Bone flute found in China at 9,000-year-old Neolithic site
Upton, NY - Researchers in China have uncovered what might be the oldest playable musical instrument. Their work is described in a paper published in the September 23 issue of the scientific journal Nature.
Recent excavations at the early Neolithic site of Jiahu, located in Henan province, China, have yielded six complete bone flutes between 7,000 and 9,000 years old. Fragments of approximately 30 other flutes were also discovered. The flutes may be the earliest complete, playable, tightly-dated, multinote musical instruments.
Garman Harbottle, a chemist at the U.S. Department of Energy's Brookhaven National Laboratory and member of the Jiahu research team, helped analyze data from carbon-14 dating done in China on materials taken from the site. "Jiahu has the potential to be one of the most significant and exciting early Neolithic sites ever investigated," said Harbottle. "The carbon dating was of crucial importance to my Chinese colleagues in establishing the age of the site and the relics found within it."
The exquisitely-crafted flutes are all made from the ulnae, or wing bones, of the red-crowned crane (Grus japonensis Millen) and have five, six, seven or eight holes. The best-preserved flute has been played and tonally analyzed in tests at the Music School of the Art Institute of China.
The discovery of these flutes presents a remarkable and rare opportunity for anthropologists, musicians and the general public to hear musical sounds as they were produced nine millennia ago.

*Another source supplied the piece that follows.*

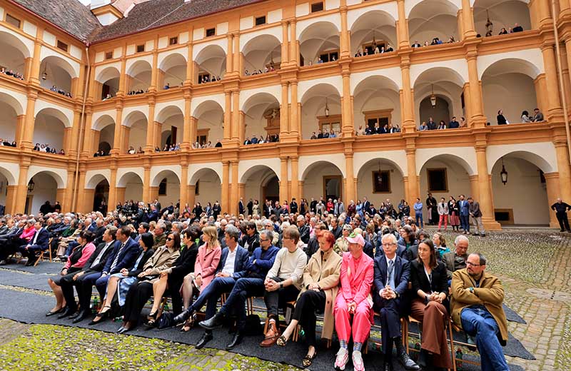 Es ist ein Barockjuwel und über die Grenzen hinaus bekannt: Schloss Eggenberg am Grazer Stadtrand ist seit 2010 UNESCO-Weltkulturerbe. Hans Ulrich, der erste Fürst von Eggenberg, gab 1625 den Auftrag, dieses Residenzschloss zu bauen. Das 400-Jahr-Jubiläum ist Anlass für die diesjährige Steiermark Schau, die unter dem Titel Ambition & Illusion dem Schloss und vor allem auch all seinen Bewohner:innen eine Ausstellung widmet. Vor wenigen Tagen wurde die Schau mit zahlreichen Besucher:innen, darunter viele Ehrengäste aus Kunst, Kultur, Politik und Wirtschaft, feierlich eröffnet – musikalisch umrahmt vom Ensemble Ārt House 17 mit den Sounds of Eggenberg. Bis 2. November bietet die Schau im Schloss und in allen Museen vor Ort die Möglichkeit, in die Welt der Eggenberger einzutauchen.

To hear an audio recording of the flute, go to http://www.bnl.gov/bnlweb/flutes.html on the World Wide Web.
The excavations and carbon-14 dating were carried out by researchers from the Institute of Cultural Relics and Archaeology of Henan Province, Zhengzhou, China; the Archaeometry Laboratory at the University of Science and Technology of China; and the Paleobotany Laboratory, Academia Sinica, Beijing, China.

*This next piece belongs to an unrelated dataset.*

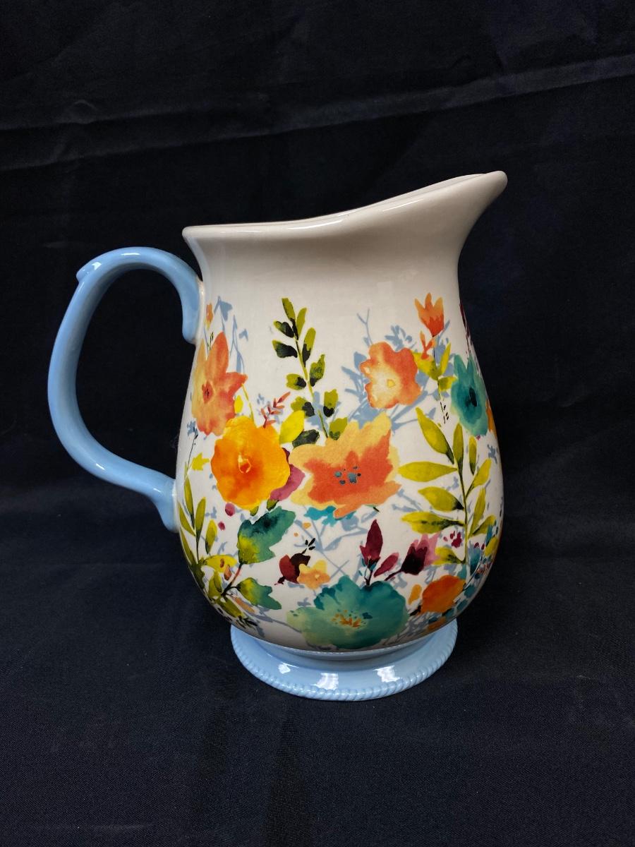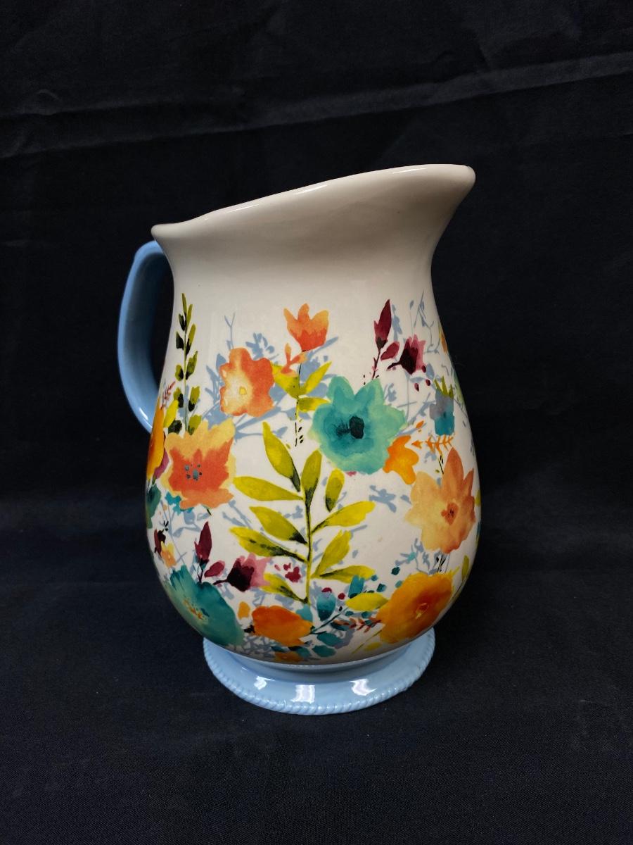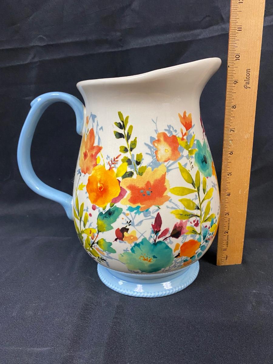 The Pioneer Woman Colorful Floral Stoneware Water Iced Tea Pitcher. In good condition. Original sticker still attached to the bottom. About 10" tall

Tonal analysis of the flutes revealed that the seven holes correspond to a tone scale remarkably similar to the Western eight-note scale that begins "do, re, mi." This carefully-selected tone scale suggested to the researchers that the Neolithic musician of the seventh millennium BC could play not just single notes, but perhaps even music.
Jiahu lies in the Central Yellow River Valley in mid-Henan Province and was inhabited from 7000 BC to 5700 BC. The site was discovered by Zhu Zhi, late director of the Wuyang County Museum, in 1962, but only in the past 15 years has significant excavation activity begun. In addition to the musical instruments, the site has yielded important information on the early foundations of Chinese society. Music in China is traditionally associated with ritual observances and government affairs.
To date, only about five percent of Jiahu has been excavated, uncovering 45 house foundations, 370 cellars, nine pottery kilns and thousands of artifacts of bone, pottery, stone and other materials. Additional excavation activities are planned for the near future.
The authors of the paper describing the Jiahu findings are Juzhong Zhang, from the Institute of Cultural Relics and Archaeology of Henan Province, Zhengzhou, China, and the Archaeometry Laboratory at the University of Science and Technology of China; Changsui Wang, also from the Archaeometry Laboratory; Zhaochen Kong, from the Paleobotany Laboratory, Academia Sinica, Beijing, China; and Garman Harbottle from Brookhaven.